Saturday, May 18, 2024

Playing for Keeps, by Jennifer Dugan

June is baseball prodigy.  When the expectation was that she'd graduate over to softball, she stuck with the boys and has become one of the best pitchers in the league instead.  She and her father (who himself was once a rising star in the Minors) aim for her to go all the way, get a scholarship, and eventually play in the pros.  

Ivy gave up playing when she was young, but she never lost her love of sport; she just found a new way to express it -- by officiating games.  Just as June has laser focused on her pitching skills, Ivy has dedicated herself to the dream of one day becoming one of the few women to ever ref for the NFL.  Now, if she could get her parents on board with the dream!  But they want her to go to college and study something practical.

Girls with dreams of making it big, but who fall in love with each other instead.  For Ivy, this is disastrous as referees can't date players, so they have to keep everything hush hush.  For June, things are worse as she not only has the relationship to keep secret, she also is having physical problems with her throwing arm that are getting harder and harder to hide.

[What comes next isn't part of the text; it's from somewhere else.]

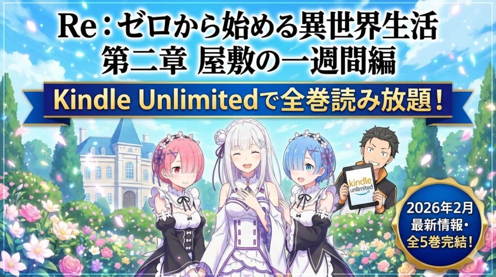 「Re:ゼロから始める異世界生活 第二章 屋敷の一週間編」はKindle Unlimitedで読める?結論と全巻のお得な読み方【2026年2月最新】

With all that going on, there is plenty of action to move this story, but the real high drama comes from the fiery romance itself.  Neither June nor Ivy are particularly emotionally mature and theirs is a romance that is more often off than on.  That provides plenty of opportunity for fights and counsel with BFFs (whom neither girl pays much attention to).  But I found them hard to digest and relate to (and even hard to differentiate from each other).  I liked the story well enough, but the characters simply didn't interest me.  That made the novel a slow read.